EXERCISE OBJECTIVE: Once the line containing "to customer requests." is found in the entries below, restate it and each following line word for word, stopping after the line containing "1、 一键去重:快速降低视频重复率,提升原创度,有效规避重复检测风险。".

DATA IN THIS EXERCISE:
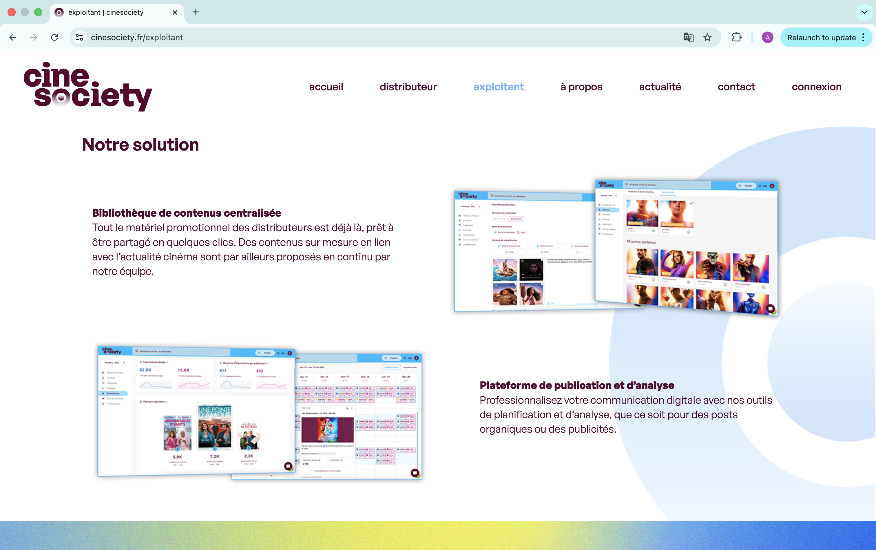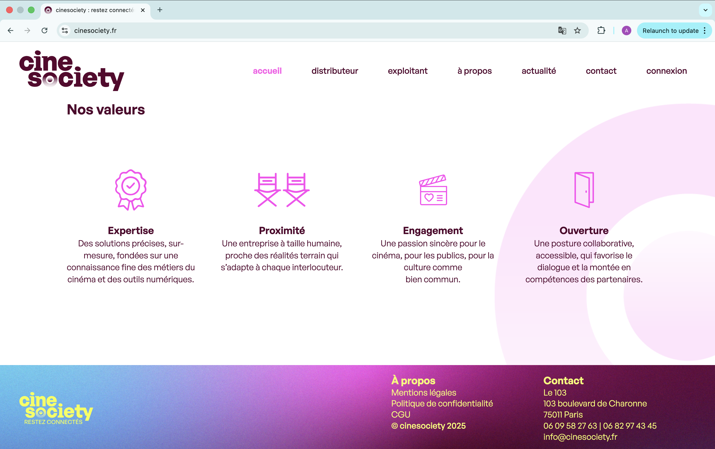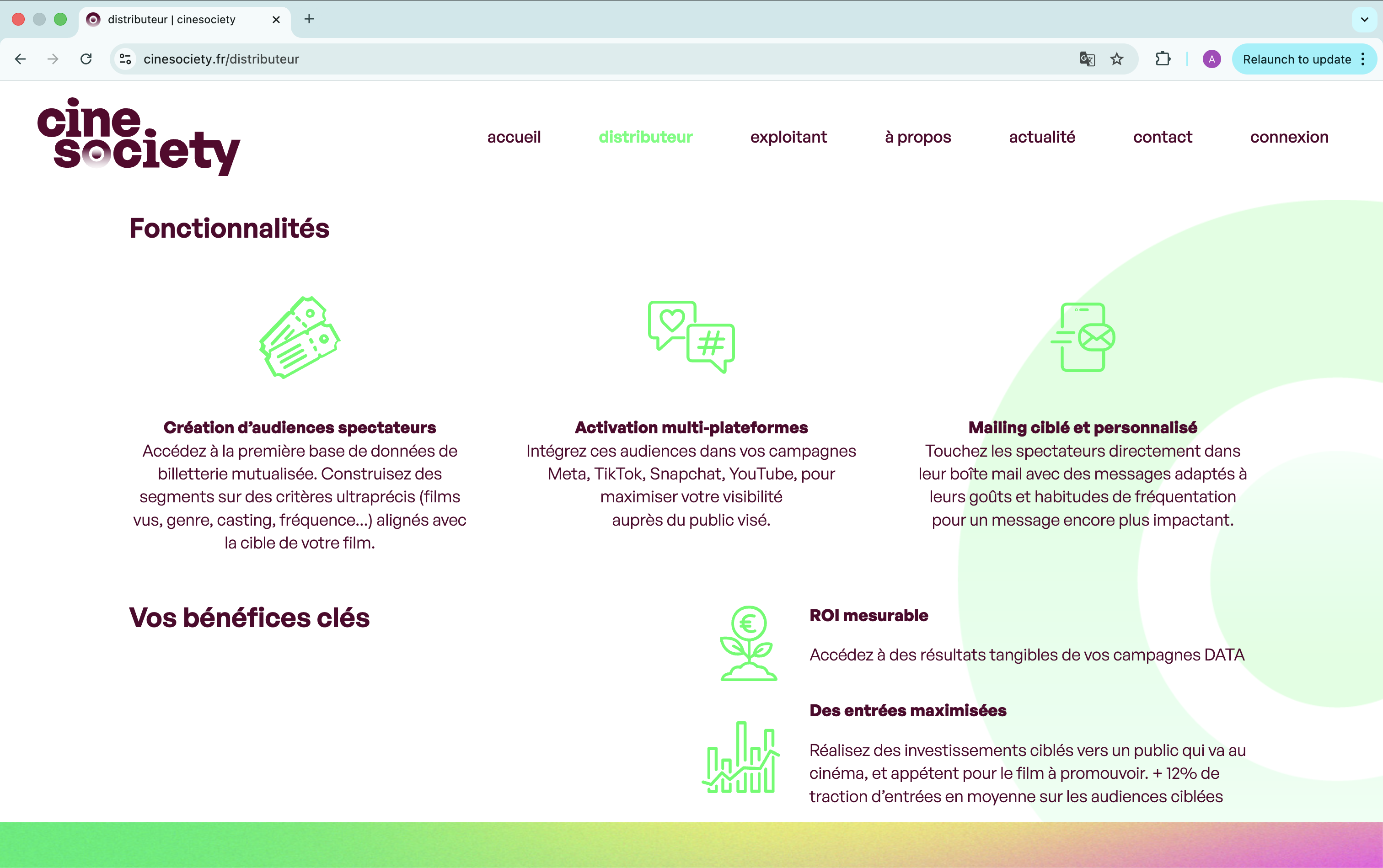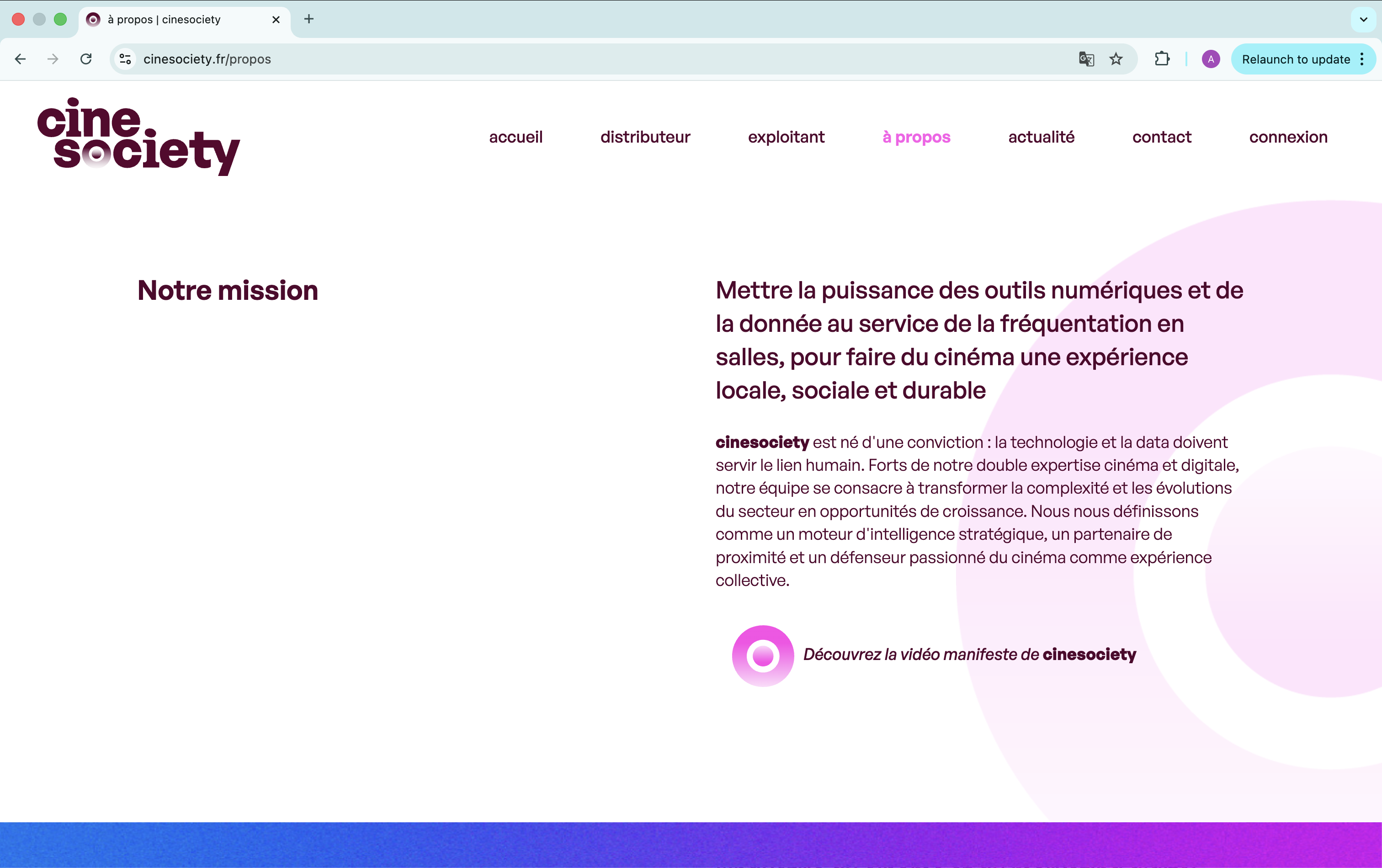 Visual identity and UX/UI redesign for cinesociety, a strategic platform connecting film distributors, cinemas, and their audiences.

...

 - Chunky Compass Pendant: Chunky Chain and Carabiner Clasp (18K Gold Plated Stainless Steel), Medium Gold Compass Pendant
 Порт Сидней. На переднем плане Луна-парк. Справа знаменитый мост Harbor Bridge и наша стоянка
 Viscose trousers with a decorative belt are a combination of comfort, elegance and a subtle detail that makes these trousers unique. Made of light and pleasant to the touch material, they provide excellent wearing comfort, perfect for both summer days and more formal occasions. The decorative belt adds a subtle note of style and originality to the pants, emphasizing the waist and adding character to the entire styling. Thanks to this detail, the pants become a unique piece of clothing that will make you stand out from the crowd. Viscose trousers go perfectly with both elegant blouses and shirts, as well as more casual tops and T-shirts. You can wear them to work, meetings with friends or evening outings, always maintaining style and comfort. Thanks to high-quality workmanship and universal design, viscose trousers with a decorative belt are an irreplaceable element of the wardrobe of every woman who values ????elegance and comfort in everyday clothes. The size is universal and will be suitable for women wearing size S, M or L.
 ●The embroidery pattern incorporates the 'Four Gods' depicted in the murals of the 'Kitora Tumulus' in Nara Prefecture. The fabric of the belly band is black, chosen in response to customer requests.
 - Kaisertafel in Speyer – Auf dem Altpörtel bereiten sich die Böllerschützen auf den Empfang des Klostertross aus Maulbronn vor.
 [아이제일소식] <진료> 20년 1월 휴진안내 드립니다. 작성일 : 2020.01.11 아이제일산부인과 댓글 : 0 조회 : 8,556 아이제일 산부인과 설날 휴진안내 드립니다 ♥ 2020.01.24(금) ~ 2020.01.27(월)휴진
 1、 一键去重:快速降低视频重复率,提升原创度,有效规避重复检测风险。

WRITTEN ANSWER:
 ●The embroidery pattern incorporates the 'Four Gods' depicted in the murals of the 'Kitora Tumulus' in Nara Prefecture. The fabric of the belly band is black, chosen in response to customer requests.
 - Kaisertafel in Speyer – Auf dem Altpörtel bereiten sich die Böllerschützen auf den Empfang des Klostertross aus Maulbronn vor.
 [아이제일소식] <진료> 20년 1월 휴진안내 드립니다. 작성일 : 2020.01.11 아이제일산부인과 댓글 : 0 조회 : 8,556 아이제일 산부인과 설날 휴진안내 드립니다 ♥ 2020.01.24(금) ~ 2020.01.27(월)휴진
 1、 一键去重:快速降低视频重复率,提升原创度,有效规避重复检测风险。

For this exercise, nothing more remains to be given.